In July 2010, Newsweek magazine reported that a poll conducted by Andy Gomez, associate provost at the University of Miami, found that 64 percent of Cuban-Americans in Miami now support a unilateral lifting of the travel ban. However, until human rights violations on the island and democratic principles are reinstated, that community's support for the continuation of the embargo has not been significantly fading. In lieu of some change in perceptions, former Democratic Senator Gary Hart criticized the continuing embargo, remarking "second generation Cuban-Americans are finally beginning to change their community's attitudes and make it clear they no longer are interested in holding the mighty U.S.'s foreign policy toward a tiny nearby country hostage to their parents' anger."

In June 2011, former Democratic presidential candidate George McGovern spoke out against the travel ban before visiting Cuba, remarking:

It's a stupid policy. There's no reason why we can't be friends with the Cubans, and vice versa. A lot of them have relatives in the United States, and some Americans have relatives in Cuba, so we should have freedom of travel ... We seem to think it's safe to open the door to a billion communists in China but for some reason, we're scared to death of the Cubans.

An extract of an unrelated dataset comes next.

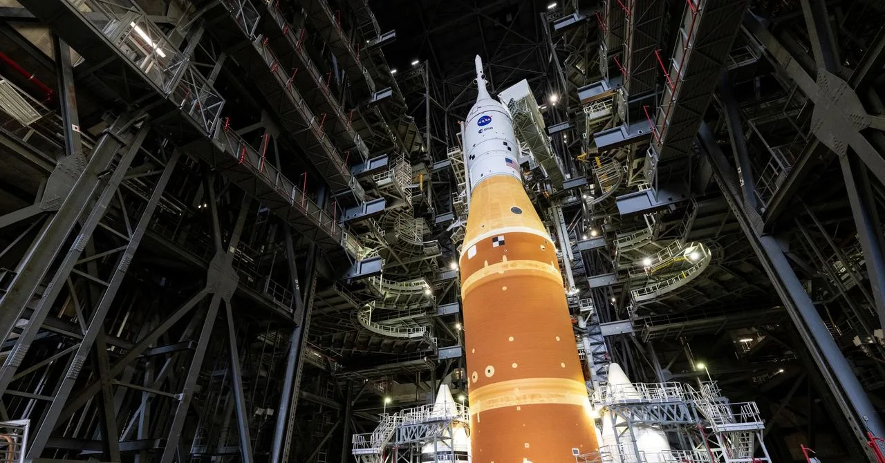 Kad je NASA nova raketa za Mjesec poleti čim 1. travnja, njezina ogromna središnja faza pomiješat će 537.000 galona tekućeg vodika sa 196.000 galona tekućeg kisika i zapaliti pogonsko gorivo u četiri motora široka osam stopa, proizvodeći oko 1,7 milijuna funti potiska. Ubrzo nakon što se ti glavni motori zapale, dva raketna pojačivača na kruto gorivo, po jedan sa svake strane, upalit će svoje pogonsko gorivo nalik na barut kako bi dodali 3,3 milijuna funti potiska svaki.

McGovern blamed "embittered Cuban exiles in Miami" for keeping the embargo alive all these years, because of their dislike for Fidel Castro.

Bob Whitley, president of the United States Tour Operators Association, has supported the measures, remarking "if Americans don't like the policies of the government of a country, they can choose not to go. But a lot of people want to see Cuba because they've been denied the right."

==Opposition==
For those who support the embargo and are opposed to the liberalization of travel, they state that democracy and human rights in Cuba. Significant opposition to the liberalization of U.S. travel restrictions exists both within the island of Cuba and the Cuban-American exile community.

Arguing against the future merits of normalization, José Azel, senior scholar at The Institute for Cuban and Cuban-American Studies, University of Miami and author of "Mañana In Cuba," has noted that while the percentage of foreign tourism is already twice as "American intensive" as China's, "neither country has engaged in political reforms." Furthermore, "In theory, at least, this means that the per-capita concentration of American tourists in Cuba is five times greater than that of Americans in China, and yet no democratic reforms are visible in either country." Mr. Azel thus asks: "What percentage of tourists must be American in order to validate the "American tourists will bring democracy" thesis?"